Tonight on NBC, we are saying farewell to a series in ‘Dracula” that came on the network with plenty of hype. This was a retelling of one of the most-iconic stories of all time, though thrown into a European setting and with a tone that felt often very much like “Mr. Selfridge”: slower paced but with a lot of promise.
However, the ratings for this series were not exactly something that most networks would want to sink their teeth into. There are a number of shows that air on The CW that draw better numbers than “Dracula” at the moment, and also had a great deal more attention. This came after the show premiered to some pretty solid numbers, but could not really build on them moving forward. One of the reasons why the numbers fell is simply because the show did not deliver what many were expecting. Rather than it being a very intense and action-packed story, it was more of a slow-moving drama about business. At times, the vampire element of it felt secondary, which is something that “Dracula” fans would’ve known going into this story as he was never a vampire that rampaged… he was a man that had deeper passions outside of drinking blood.

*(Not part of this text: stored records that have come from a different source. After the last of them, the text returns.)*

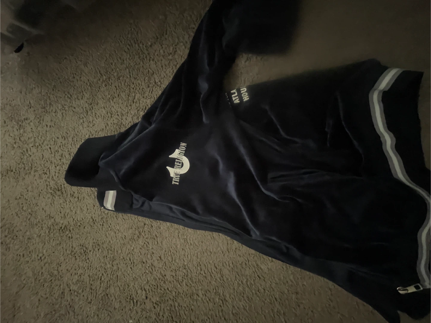 This True Religion velour track jacket features a "World Tour" graphic on the back with a list of cities. It has a zippered front and striped cuffs and hem. Made from soft velour material. A comfortable and stylish outerwear piece.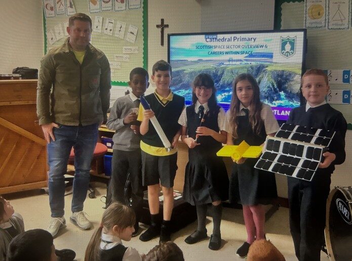 Cathedral parent and international trade specialist with the Scottish Space Programme, Andrew Dickson, delivered an exciting presentation on space to our Primary 5 learners on Friday 31st October. The children learned how satellites and rockets are designed and launched right here in Scotland, and even had the chance to hold a satellite prototype from Skyrora and touch part of a rocket that has actually been to space!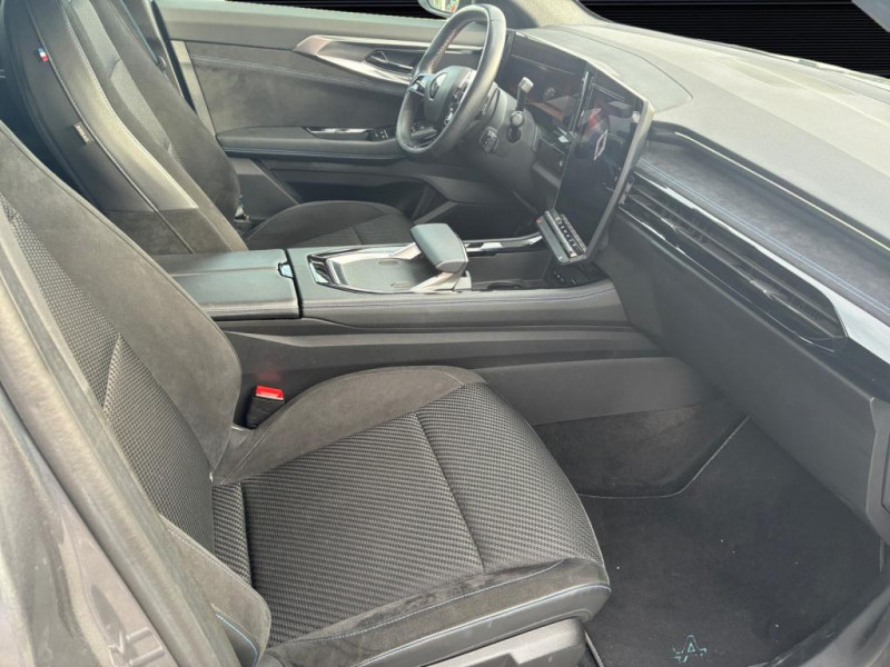 multimédia du véhicule / Pédalier en aluminium / Réglage en hauteur du siège passager / Renault MULTI-SENSE (choix des modes de conduite) / Rétroviseur intérieur électrochrome sans contour / Sellerie Mixte tissu et Alcantra avec surpiqûres bleues / Sièges avant réglables manuellement / Tableau de bord open R 12,3" / Traitement sonore Arkamys Auditorium avec 6 haut-parleurs / Volant spécifique avec insert Alcantara

Is there a chance that the show could actually come back still for a second season? The nature of it as a co-production does make it a little cheaper for NBC to produce than a number of its other shows, so this is something positive for the network to think about when it comes to a renewal. Unfortunately, there are also some other problems:
1. This series was long billed as a limited event, and probably would have only been renewed with some huge numbers.
2. Some of the cast of the show have assumed that the show was going to follow this model. Jonathan Rhys Meyers and Jessica de Gouw should have no problem at all getting some more work after this.
At this point it is best to expect tonight to be the end of the story, because while it is a less expensive project for the network to produce, the ratings aren’t high enough to more than likely keep it around.
But, let’s look at the other side of the coin here for a second. How could it get renewed? There are at least a few reasons to still have a sliver of hope.
1. It could be somewhat cost-effective since not all of the production money is on NBC.
2. It may prove to have a longer shelf life, especially if people start to hear more about the show with adjusted expectations as to what it really is.
3. Finally, NBC may not have anything else in pilot season worthy of its spot. We don’t really know if “Hannibal” is going to be able to fare any better at all.